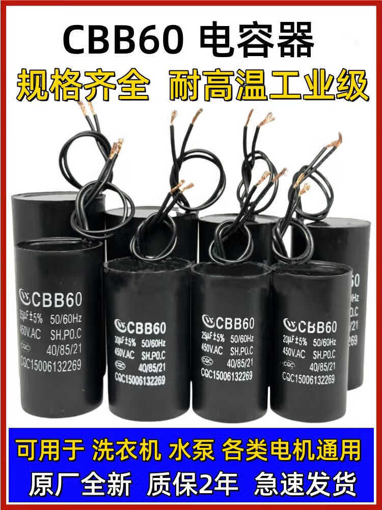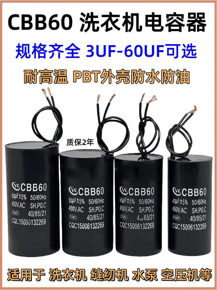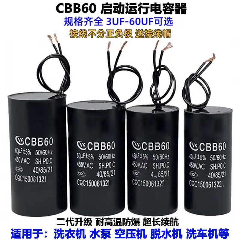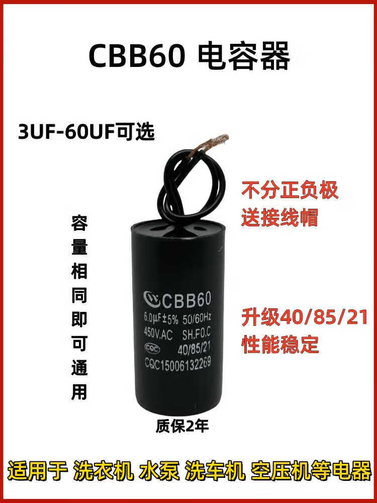 CBB60 water pump pump start capacitor wash/30UF450V clothes machine start capacitor car wash machine universal 6UF comes with connection cap second generation waterproof, oil proof, explosion proof and high temperature resistant delivery CBB60
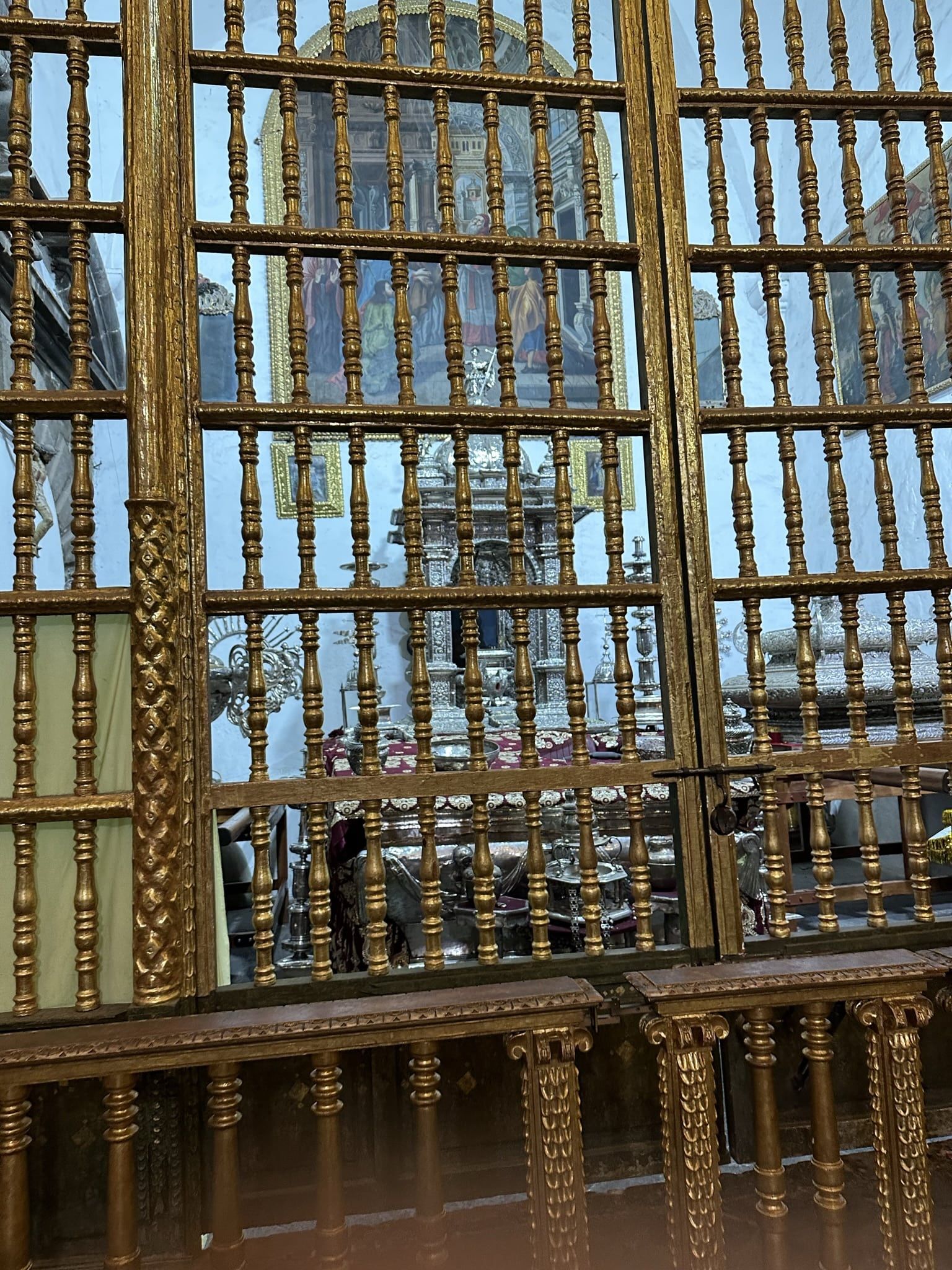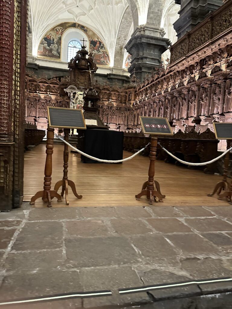 En contraste, el coro es una obra maestra de la talla en madera: más de un centenar de asientos ornamentados con figuras de santos, santas, mártires y apóstoles tallados por artesanos indígenas en el siglo XVII. Cada rostro tiene rasgos locales, un gesto que revela la apropiación andina del imaginario cristiano.
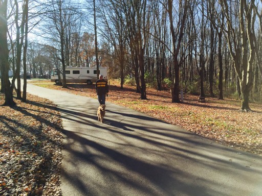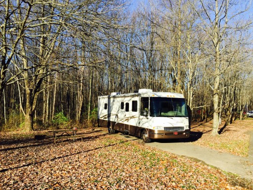 We did not check out the bathrooms or showers as we had a full hook-up site. Lovely. New concrete at the pad. Close to I-70 but far enough off to be quiet. One of the nicest Ohio state parks we have stayed at.
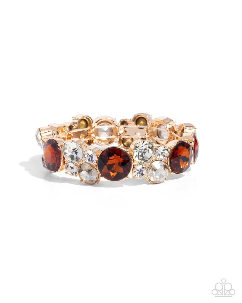 Infused along elastic stretchy bands, highly faceted tea gems pressed in pronged gold fittings alternate with a quartet of white and light-colored topaz gems also pressed in a cluster of gold-pronged fittings for a mismatched, momentous amount of shimmer.
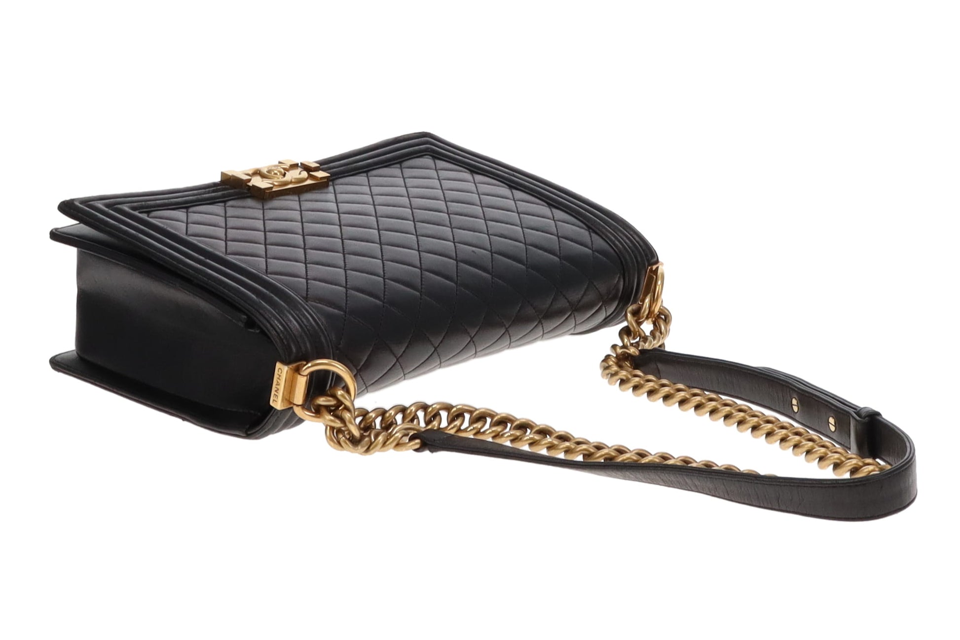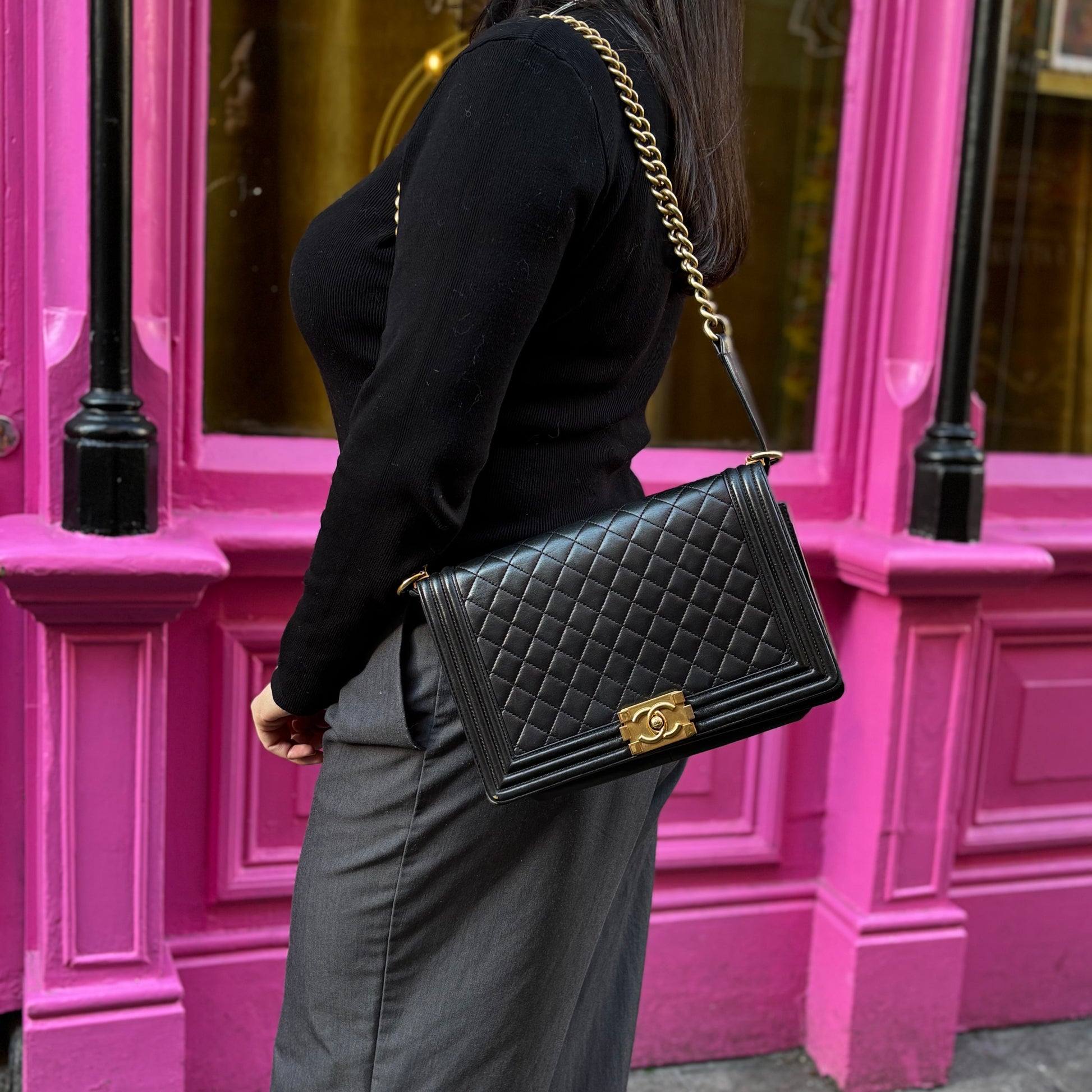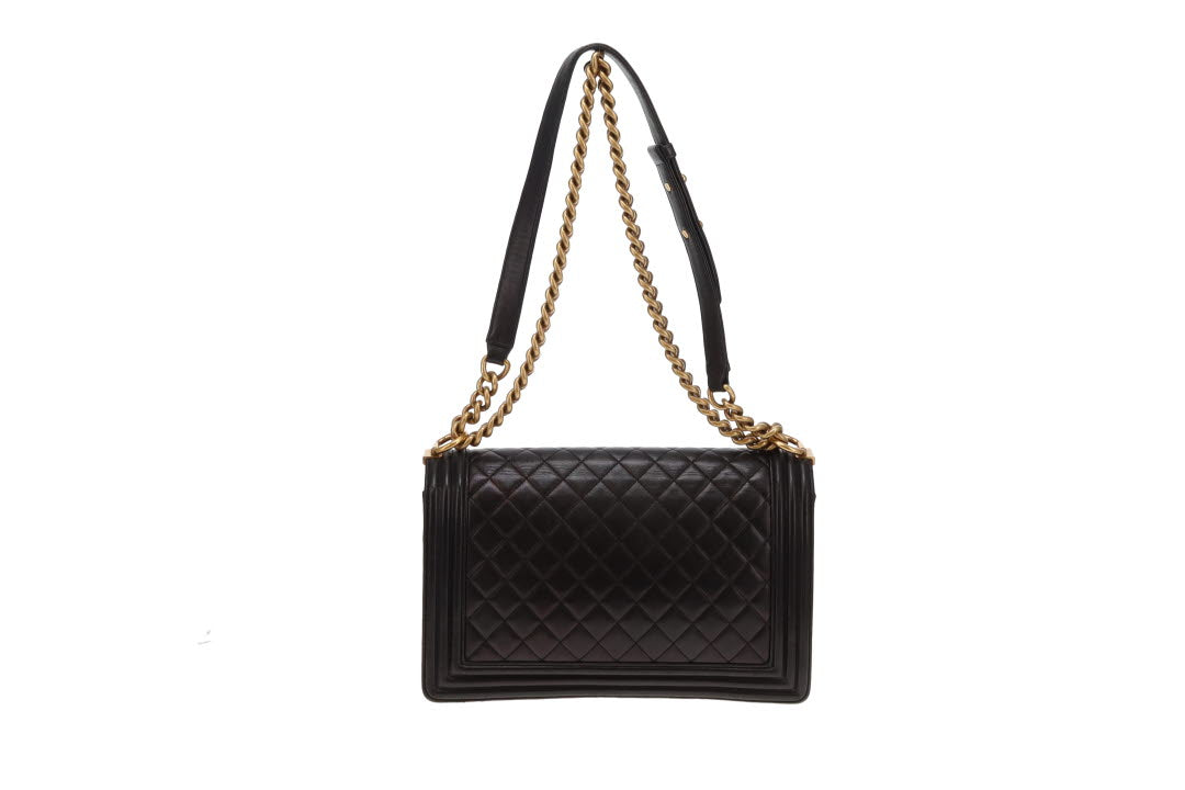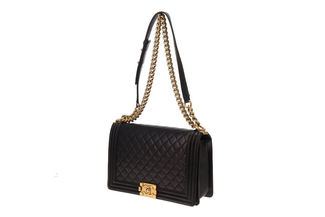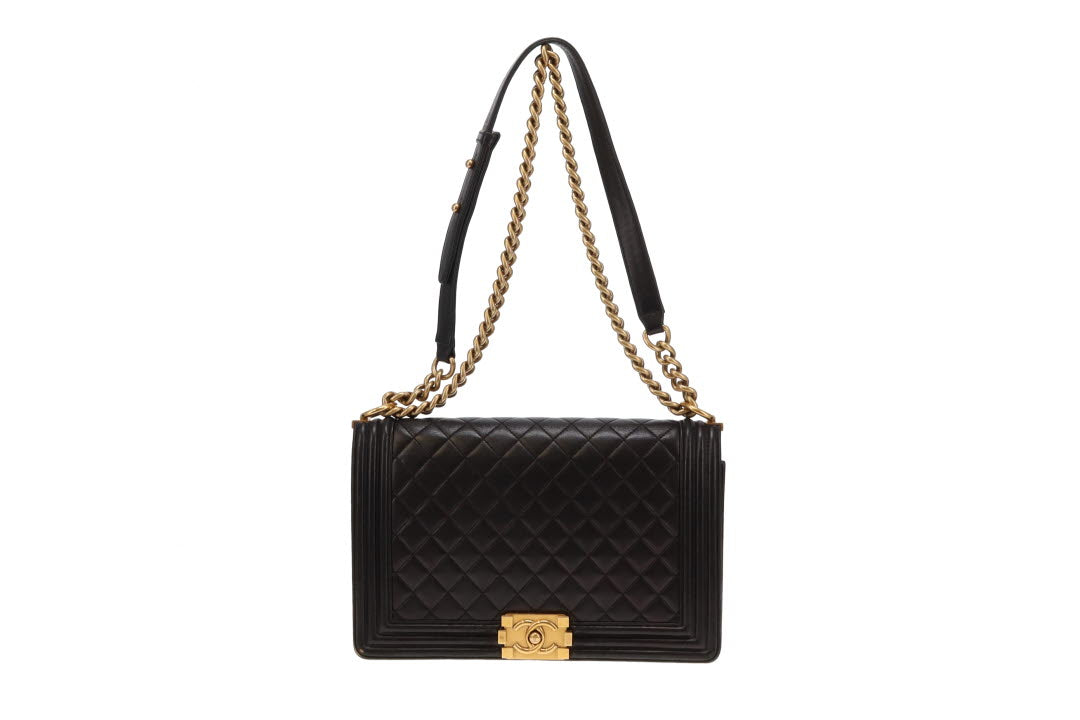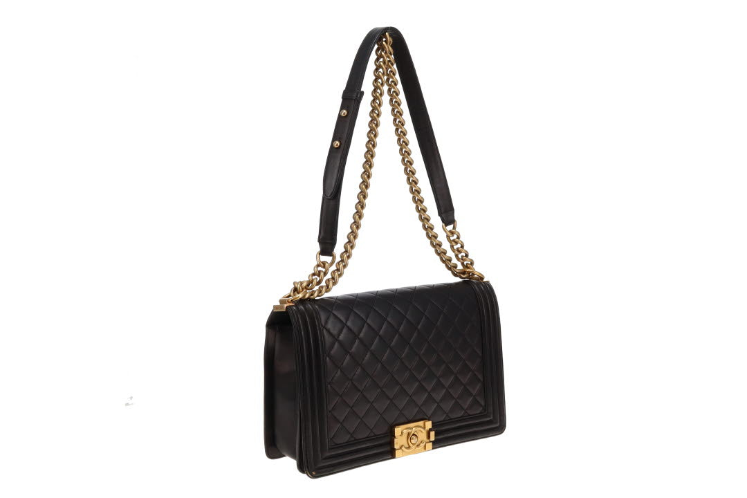 Chanel Boy Bag Large Lambskin 21 Series Black With Gold Hardware

____

TASK REQUIREMENTS => Your answer must be the records above, word for word, with every picture left out.

TASK ANSWER =>
 CBB60 water pump pump start capacitor wash/30UF450V clothes machine start capacitor car wash machine universal 6UF comes with connection cap second generation waterproof, oil proof, explosion proof and high temperature resistant delivery CBB60
 En contraste, el coro es una obra maestra de la talla en madera: más de un centenar de asientos ornamentados con figuras de santos, santas, mártires y apóstoles tallados por artesanos indígenas en el siglo XVII. Cada rostro tiene rasgos locales, un gesto que revela la apropiación andina del imaginario cristiano.
 We did not check out the bathrooms or showers as we had a full hook-up site. Lovely. New concrete at the pad. Close to I-70 but far enough off to be quiet. One of the nicest Ohio state parks we have stayed at.
 Infused along elastic stretchy bands, highly faceted tea gems pressed in pronged gold fittings alternate with a quartet of white and light-colored topaz gems also pressed in a cluster of gold-pronged fittings for a mismatched, momentous amount of shimmer.
 Chanel Boy Bag Large Lambskin 21 Series Black With Gold Hardware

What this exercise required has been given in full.